Other Fe-PDI complexes have also been disclosed. U.S. Pat. No. 5,955,555 discloses the synthesis of certain iron or cobalt PDI dianion complexes. The preferred anions are chloride, bromide and tetrafluoroborate. U.S. Pat. No. 7,442,819 discloses iron and cobalt complexes of certain tricyclic ligands containing a “pyridine” ring substituted with two imino groups. U.S. Pat. Nos. 6,461,994, 6,657,026 and 7,148,304 disclose several catalyst systems containing certain transitional metal-PDI complexes. U.S. Pat. No. 7,053,020 discloses a catalyst system containing, inter alia, one or more bisarylimino pyridine iron or cobalt catalyst. However, the catalysts and catalyst systems disclosed in these references are described for use in the context of olefin polymerizations and/or oligomerisations, not in the context of hydrosilylation reactions.
Recently new and inexpensive Fe, Ni, Co and Mn complexes containing a terdentate nitrogen ligand have been found to selectively catalyze hydrosilylation reactions, as described in U.S. Patent Application Publication Nos. 20110009573 and 20110009565, the contents of which are incorporated herein by reference in their entirety. In addition to their low cost and high selectivity, the advantage of these catalysts is that they can catalyze hydrosilylation reactions at room temperature while precious metal based catalysts typically work only at elevated temperatures.

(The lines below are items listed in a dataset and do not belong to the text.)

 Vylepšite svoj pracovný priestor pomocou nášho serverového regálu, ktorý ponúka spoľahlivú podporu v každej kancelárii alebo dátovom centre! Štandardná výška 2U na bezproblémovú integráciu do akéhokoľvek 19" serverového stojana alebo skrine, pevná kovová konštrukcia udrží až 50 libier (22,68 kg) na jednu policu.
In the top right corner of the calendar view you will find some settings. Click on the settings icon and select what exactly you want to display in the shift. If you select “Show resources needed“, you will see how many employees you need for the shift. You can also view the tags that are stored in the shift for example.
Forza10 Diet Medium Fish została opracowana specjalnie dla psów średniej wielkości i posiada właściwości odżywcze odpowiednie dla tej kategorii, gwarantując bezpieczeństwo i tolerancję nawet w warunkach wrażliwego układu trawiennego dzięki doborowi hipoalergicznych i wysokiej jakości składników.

A restriction of these new non-precious metal-based catalysts, however, is that they are normally air and moisture sensitive, thus may not perform well if exposed to air or moisture prior to their use. For this reason, these catalysts are typically prepared and stored under inert conditions. Since it is difficult to keep reaction mixtures under inert conditions, such as a nitrogen blanket, on a commercial scale, the manufacturing of these catalysts in an industrial setting may be economically prohibitive. Accordingly, there is a need in the industry for non-precious metal-based catalysts that do not require manufacturing and storing under inert conditions.
Methods are known in the art to activate catalyst precursors in-situ. The most well known example is the activation of Ziegler-Natta catalyst by Methylaluminoxane (MAO) for the production of polypropylene from propene (Y. V. Kissin Alkene Polymerization Reactions with Transition Metal Catalysts, Elsevier, 2008, Chapter 4).

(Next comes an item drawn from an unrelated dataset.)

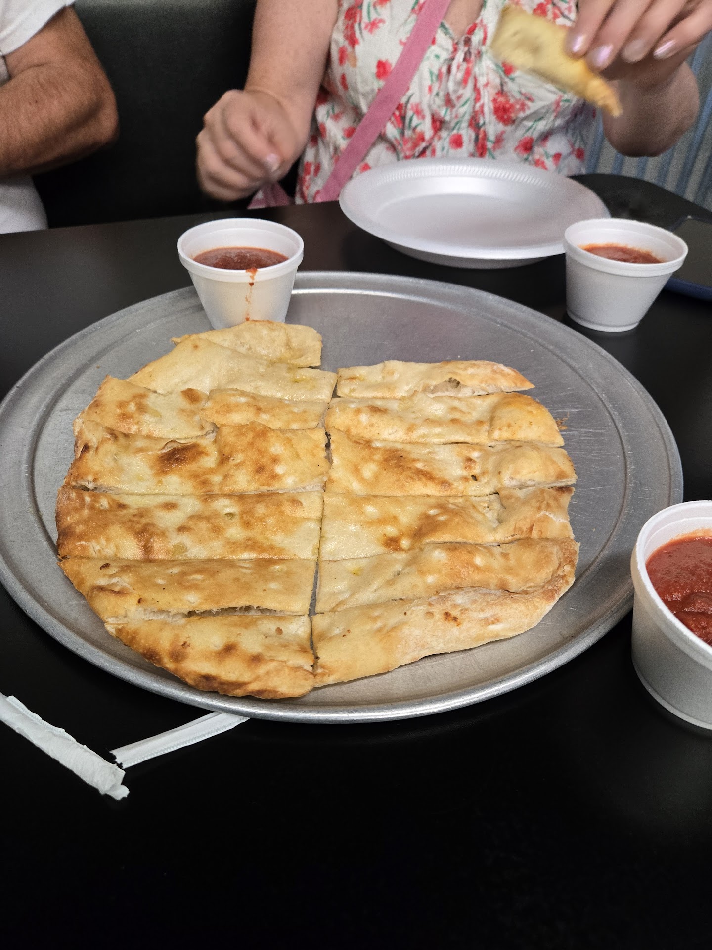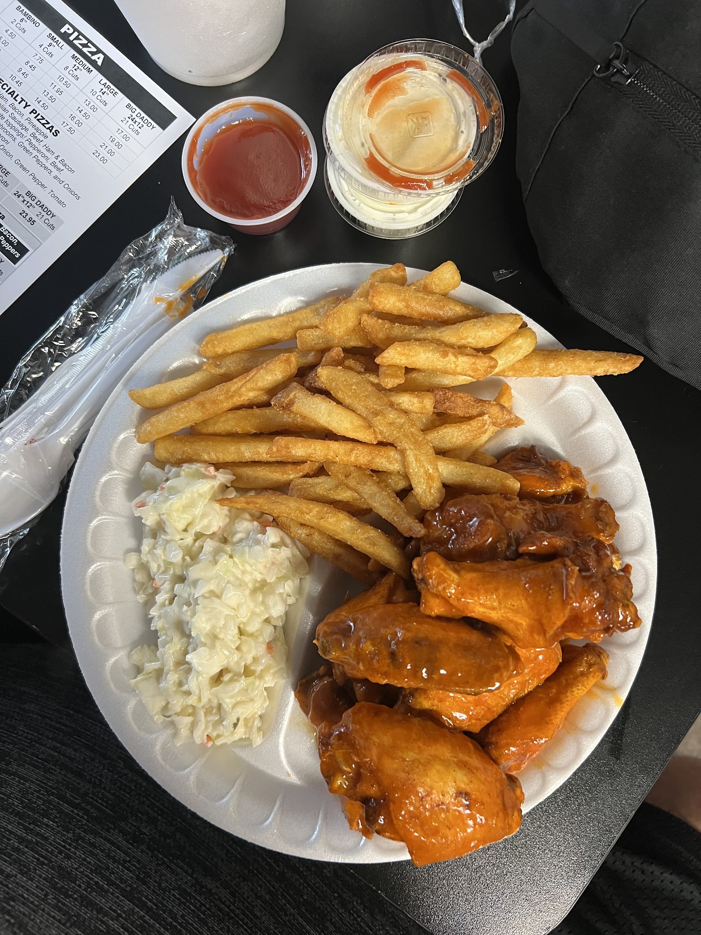 There were four of us dinning. One friend had the loaded baked potato, one had the chicken salad. My wife had a Stromboli and I had the wings fries and coleslaw. Every one enjoyed the food they had. I liked my wings thought the fries could've been more crispy and cooked longer but that's my preference doesn't mean they weren't tasty. The Cole slaw is good! It's a small place with about seating for 15 to 20 people. There is free parking on the street. They do take out orders although we dined in. We didn't order pizza but over heard several guests speaking highly of it. The staff were friendly and the young lady working the register was a great representation of a friendly face that made us feel welcomed. We would return and plan to return there during this visit...

U.S. Pat. No. 5,955,555 discloses the activation of certain iron or cobalt PDI dianion complexes by polymethylaluminoxane (PMAO) for olefin polymerization. U.S. Pat. No. 4,729,821 discloses the in-situ activation of Ni-catalysts by applied electrical potentials for the hydrogenolysis of ethane and ethylene.
Martinez et al. demonstrated the in-situ activation of a [RuCl2(p-cym)]2 complex by phosphine ligands in a C—C bond formation reaction via C—H bond activation of aryl-compounds (J. Am. Chem. Soc, 2009, 131, 7887).

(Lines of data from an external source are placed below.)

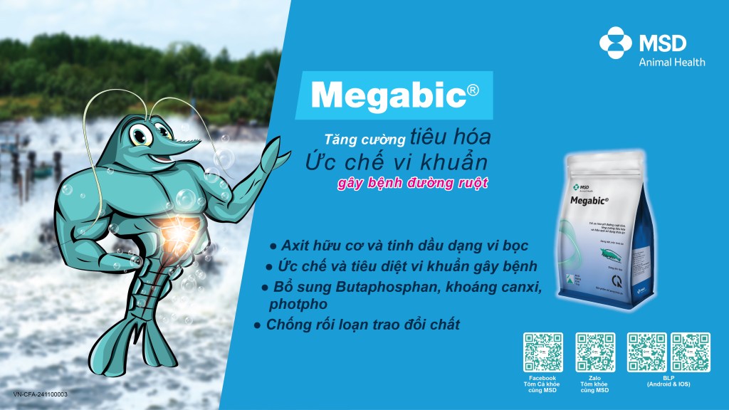 Công thức axit hữu cơ dạng vi bọc giúp giảm pH đường ruột, ức chế sự phát triển của vi khuẩn Vibrio, kích thích tiêu hóa, tăng sự ngon miệng.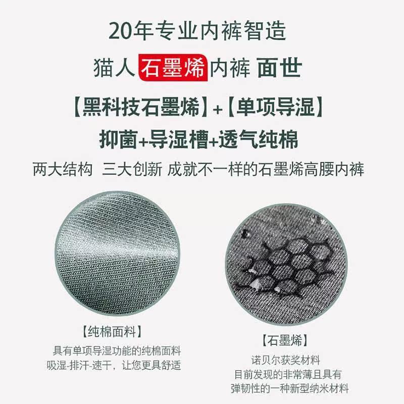 Cat people underwear female cotton high waist middle-aged large size 200 catties fat mm graphene antibacterial cotton belly briefs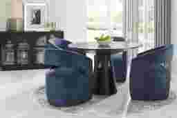 You've got a reservation for the hottest dining experience in town, and the Kendall collection is serving it family-style. A 48" round table anchors this trendy dining room, featuring a contemporary tabletop and flared pedestal base in a black finish. Included side chairs, upholstered top to bottom in velvety navy fabric, bring a unique swivel base design to the table for contemporary flair and curved backs for lavish comfort.

Yi et al. described the in-situ formation of cationic Ruthenium hydride complexes which catalyze the regioselective intermolecular coupling reaction of Arylketones and Alkenes involving C—H bond activation (Organometallics, 2009, 28, 426).
However, the in-situ activation of non-precious metal-based catalysts for hydrosilation reactions has not been known to the knowledge of the present inventors. Accordingly, there is a continuing need in the hydrosilylation industry for such methods. The present invention provides an answer to that need.